Indeed, Singtel has started selling a variety of other consumer electronics ranging from Harman Kardon soundbars, Samsung TVs, ErgoTune chairs and even Thermomix “super kitchen machine” on its website. This means if digital banks like Grab-Singtel can build a significant regional presence, there will be more market opportunities for fund transfers and other financial transactions.

Chew is upbeat on Singtel for other reasons as well. First and foremost, with the resumption of travel, roaming revenue is set to recover. He estimates that up to half the earnings from mobile operations pre-Covid came from roaming fees.

There is also Singtel’s ongoing asset recycling strategy, with some $3 billion identified for disposal, such as mobile towers in Australia. The gains can then be reinvested in other areas such as capital expenditure for 5G networks.

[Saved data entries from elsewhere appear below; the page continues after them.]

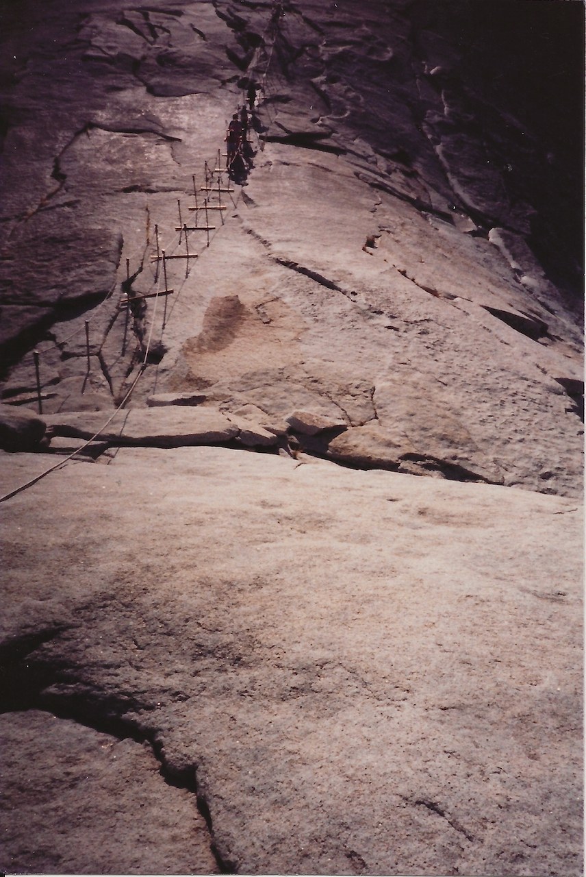 On the third day we pitched camp early in a site that had been used many times before (a rule in the backcountry is to try to always use previously camped in spots so as to minimize your impact) near the base of Half Dome, our destination for the day. We hiked up the trail to the base of the dome where we sat for a while staring at the ascent to the top, parallel stanchions planted in the granite with a two by four between each and a metal cable laced through eyelets at the top of each stanchion, a cross between steps and a ladder.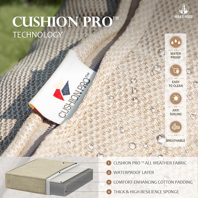 - 【E-COATING & POWDER-COATING TECHNIQUE】ALL the HERA'S HOUSE metal frame of conversation sets are processed by high-performance E-COATING and POWDER-COATING technique which provides extended protection against rust, scratches, rain, and UV harm. All weather resistant, anti-rust, easy to clean, no special care needed.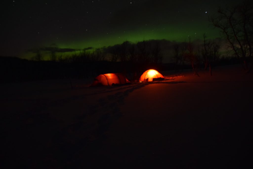 Vi skidade på i det magiska vädret och slog upp våra tält innan stigningen vid Bovallfjället. Kvällen var vacker och bjöd på norrsken över tälten!
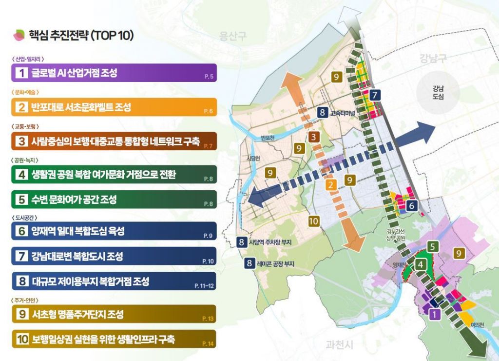 그중 파급효과가 크고 주민 수요를 반영한 6가지 분야의 핵심 추진전략 10개를 선정해 중점적으로 추진해 나갈 계획이다. 산업·일자리 분야에서는 글로벌 AI산업거점을, 문화·예술 분야에서는 반포대로 서초문화벨트를 조성한다. 또, 교통·보행 분야에서는 사람 중심의 보행·대중교통 통합형 네트워크를 구축한다.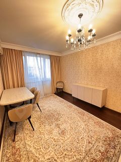 В квартире сделан качественный евроремонт. Все комнаты полностью меблированы, включая кухню. Установлены вся необходимая техника: кондиционер, холодильник, стиральная машина. Высота потолков — 2.7 метра. Окна выходят на улицу и во двор.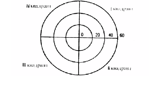 Для удобства построения и чтения диаграммы в полярной системе координат строится координатная сетка в виде концентрических окружностей с центром в полюсе. При этом деления шкалы могут быть произвольными. Такая координатная сетка называется радиальной (рис.1.3).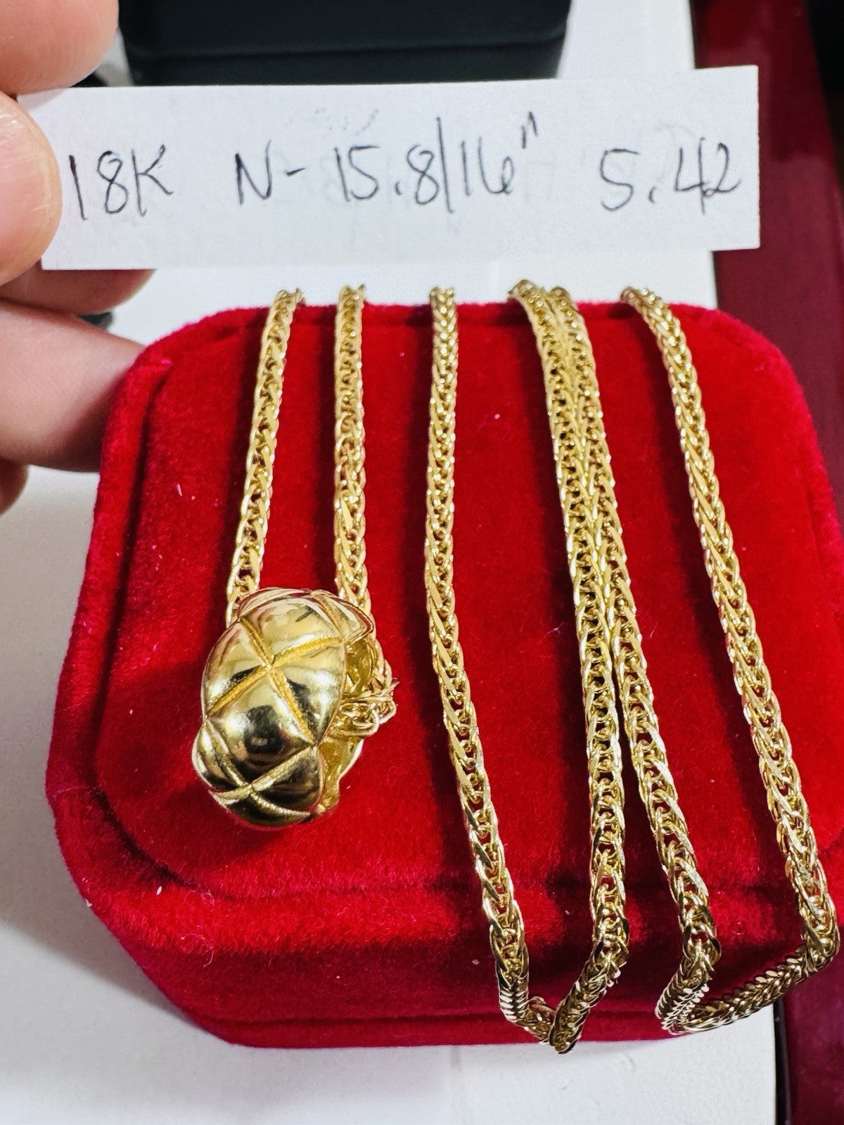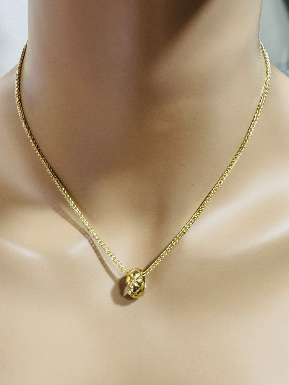 18K 750 Fine Real Pure Gold Quilted Dome Set Necklace 15.8”/16” Long 2.2mm 5.4g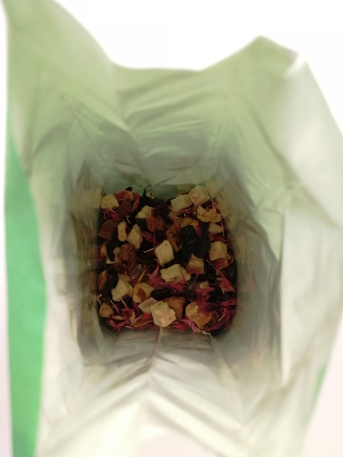 Eine richtig tolle Fruchtmischung. Mehr Frucht in einem Tee geht nicht. Bei dem Geruch merkt man, dass eine leichte Note von Rose durchkommt. Bei dem Blick auf die Zutatenliste sieht man sie auch die Rose. Sie ist später im aufgebrühten Tee nicht mehr groß zu schmecken, aber beim Geruch des losen Tees merkt man sie doch deutlich. Auch beim Blick in die Packung sieht man ganz viele Rosenblüten.

Singtel recently refuted reports coming out from India that it is looking to sell shares in its associate Bharti Airtel but Chew says he isn’t surprised that Singtel would want to crystalise a bit of the value in Bharti.

Another stock pick for Chew is recruitment agency HRnetGroup, which has an extensive presence across the region including China and Japan. It has two key business segments: recruitment for permanent postings and hiring for temporary staffing. With economic activity picking up after the pandemic, many businesses are finding it difficult to fill positions. The company also has a cash balance of some $300 million, equivalent to 40% of its market value, extensive reach and long-term ties with companies.

Recently-listed Yangzjiang Financial Holding (YFH), an investment firm spun off from Yangzijiang Shipbuilding Holdings, is another counter on Chew’s radar. The stock was listed on April 28 at 69.5 cents but dropped to a low of 39 cents on May 19. However, the stock has recovered to 53 cents as at June 8 although this is still a significant discount to its book value of $1.08 per share.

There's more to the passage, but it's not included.